Institute of Integrated Mineral Development — IPKON Russian Academy of Sciences, Moscow, Russia:

D. N. Radchenko, Senior Researcher, Associate Professor, Candidate of Engineering Sciences, mining_expert@mail.ru
V. S. Lavenkov, Junior Researcher
V. V. Gavrilenko, Researcher

Magnitogorsk State Technical University, Magnitogorsk, Russia:
E. A. Yemelyanenko, Associate Professor, Candidate of Engineering Sciences

In the environmentally sound cycle of integrated mineral mining, the key part of acceptable human environment security belongs to technologies of control over circulation of a mineral extracted from the subsoil and then returned to mined-out underground void.

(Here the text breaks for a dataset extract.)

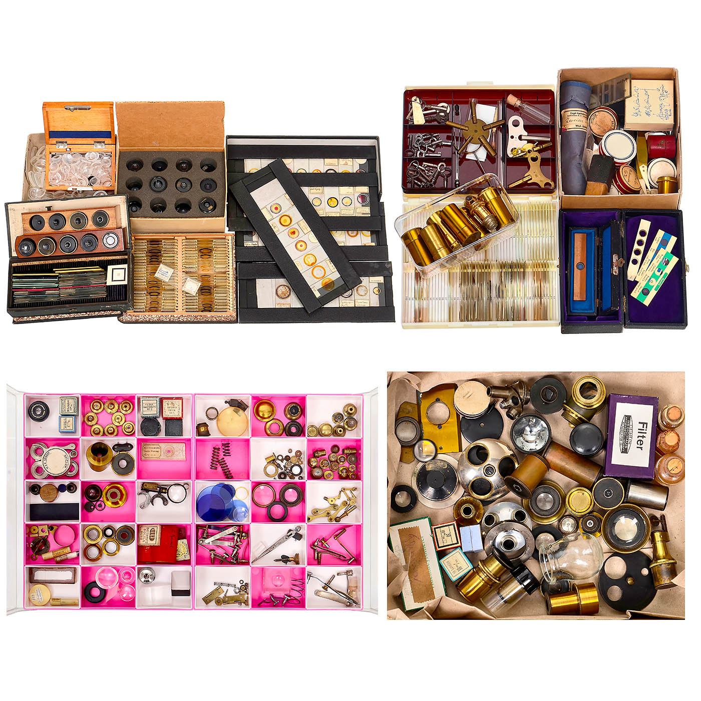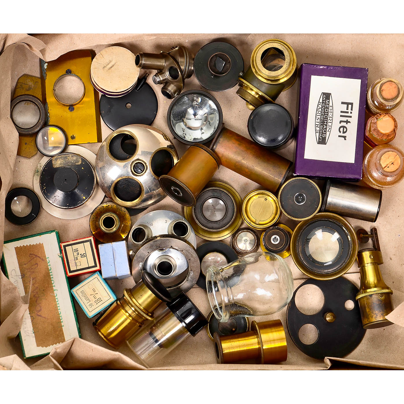 1) Microphotograph "Gentle Warning" by William Overend Geller (W.O.G.), c. 1855, glass on the right side broken, photograph undamaged. – 2) 35 early preparations, loose in cardboard box. – 3) Cardboard box with 5 trays, England, with 37 slides by "W.A. Rogerson" and others. – 4) Cardboard box in book form, c. 1900, containing 49 microscopic specimens by "Heinrich Boecker from Wetzlar". – 5) 50 recent microscopic specimens in plastic box. – 6) 25 eyepieces from Zeiss and other manufacturers. – 7) Approx. 300 lens blanks, various shapes and diameters. – 8) Lens Emil Busch Glyptar Anastigmat 3.5/3.5 cm. – 9) Approx. 50 objective lenses, mostly brass-framed, c. 1875–1920. – And: 10) Many more parts: Stage clamps, case keys, revolver nosepieces, mirrors, glasses, prisms and other.

This makes a complete cycle of integrated development of a subsoil area. From the viewpoint of the environmentally sound underground ore mining, it is advisable to use methods of mining with backfilling. Such approach enables recycling both the mining and processing waste and the rejects of allied industries. The results of the accomplished research illustrate capabilities of utilization of the most toxic waste of mining and chemical industries, namely, phosphogypsum, in backfills made of copper and pyrite ore processing waste. The scope of the research embraced a few trends in recycling of dumped raw phosphogypsum and a product of bakeout. The ecological and economical effect of the technology is mitigation of toxic impact induced by phosphogypsum dumps on the environment, partial or complete withdrawal of expensive cement from backfill mixtures and elimination of mine dumps, tailings ponds and chemical industry rejects from the ground surface.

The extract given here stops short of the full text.